= Exercise requirements =
Quote, exactly, the line holding "Alzato di edificio" and all lines after it to the end of the records below. Exclude pictures.

= Data for review =
★ ★ ★

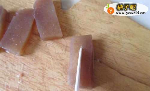 魔芋切成细长条型, 在中间用刀划个小口;将魔芋上端从中间的口穿过去,魔芋就形成了自然的花结,随后把处理好的魔芋焯水
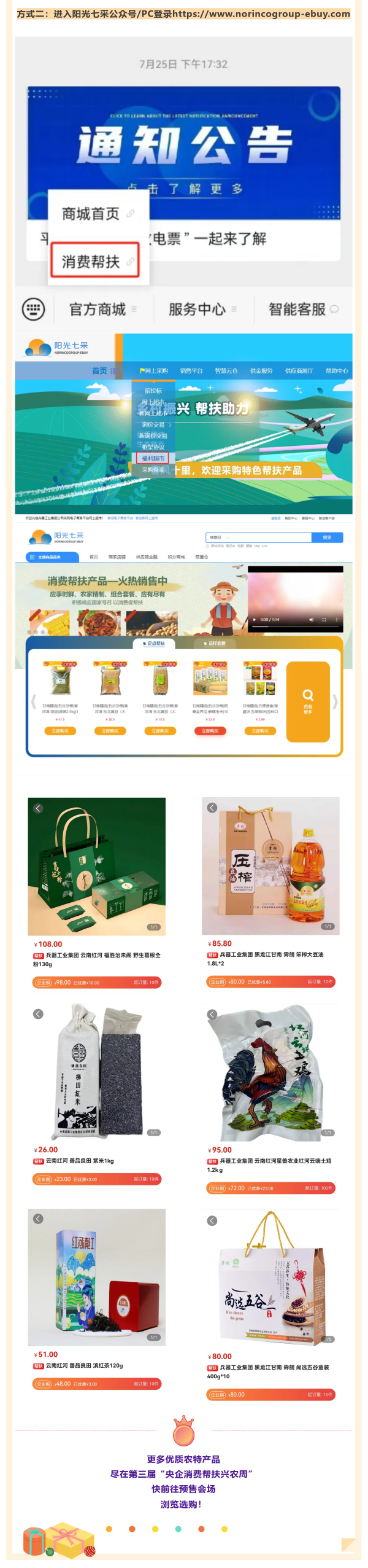 百家央企聚合力 消費幫扶促振興 第三屆“央企消費幫扶興農周” 預售已啟動 8月30日 興農周活動將正式開啟 “央企消費幫扶興農周”由國務院(yuan)國資委(wei)社(she)會責任局指(zhi)導(dao),央企消費(fei)幫扶電商(shang)平臺(國網數字科技(ji)控(kong)股有限公(gong)司)主辦,國務院(yuan)國資委(wei)機關(guan)服務管理局、國務院(yuan)國資委(wei)新聞中心、國網北京市(shi)電力公(gong)司、各中央企業電商(shang)平臺聯(lian)合協辦。 活動以“央企攜手,興農惠民”為主題,組織動員中央企業所屬各單位各部門(特別是工會、食堂)、廣大干部職工、上下游供應商和業務合作伙伴采購幫扶縣的優質農產品,促進脫貧地區產業發展和脫貧群眾穩定增收,鞏固拓展脫貧攻堅成果。 預售活動火熱開啟 為方便大家提前選購 此次預售期升級為10天 (8月20日-8月29日) 誠邀下單 兵器工業集團定點幫扶 黑龍江甘南縣、云南紅河縣 農特產品! 8月30日-9月5日 請鎖定“央企館-兵器工業集團” 我們一起共譜鄉村振興新篇章! |
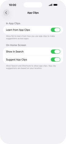 Press the required setting to turn the function on or off. If you turn on the function, you need to follow the instructions on the screen to set up Siri to recognise your voice.
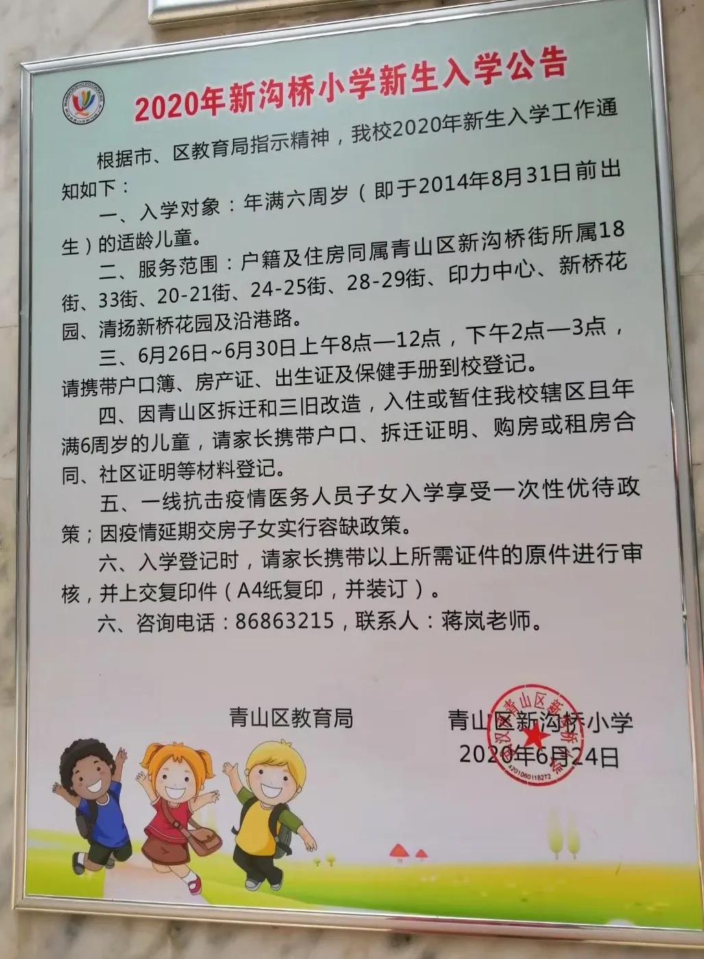 2020年武汉市青山区新沟桥小学新生入学招生公告
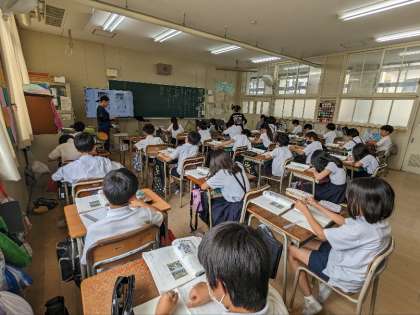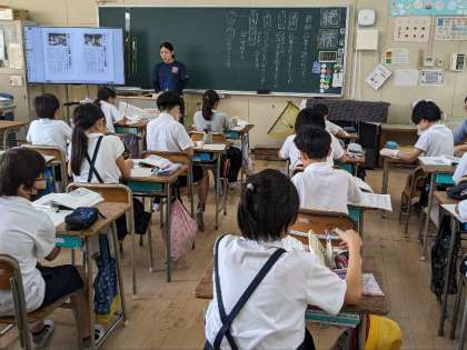 国語の授業の様子です。2社の新聞の同じ記事を読み比べていました。共通しているもの、違う内容のものを拾い出し、まとめていました。記事を読み比べることは、情報の取捨選択をすることが重要な現代人に取って、大切な力かもしれませんね。
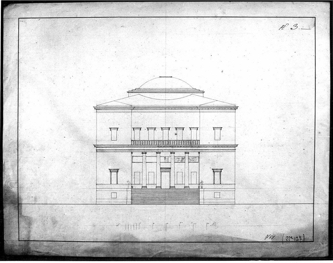 Alzato di edificio a china e matita su fondo chiaro entro linea di margine a china e bordo chiaro.Prospetto di edificio a due piani con portico centrale preceduto da gradinata e fornito di colonne con capitello ionico. Sulla facciata. interna del portico tracce a matita della decorazione di fregio continuo. Superiormente: balaustra centrale, serie di aperture modanate con mensola superiore, copertura, a falde con cupola centrale ribassata preceduta da gradoni
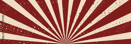 Fototapeta premium A vintage sunburst background with distressed red and beige rays, perfect for...
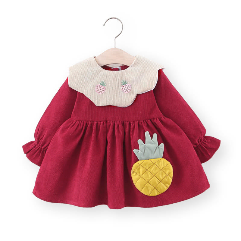 Toddler Girl Lapels Corduroy Pineapple Dress

★ ★ ★

= Written response =
 Alzato di edificio a china e matita su fondo chiaro entro linea di margine a china e bordo chiaro.Prospetto di edificio a due piani con portico centrale preceduto da gradinata e fornito di colonne con capitello ionico. Sulla facciata. interna del portico tracce a matita della decorazione di fregio continuo. Superiormente: balaustra centrale, serie di aperture modanate con mensola superiore, copertura, a falde con cupola centrale ribassata preceduta da gradoni
 Fototapeta premium A vintage sunburst background with distressed red and beige rays, perfect for...
 Toddler Girl Lapels Corduroy Pineapple Dress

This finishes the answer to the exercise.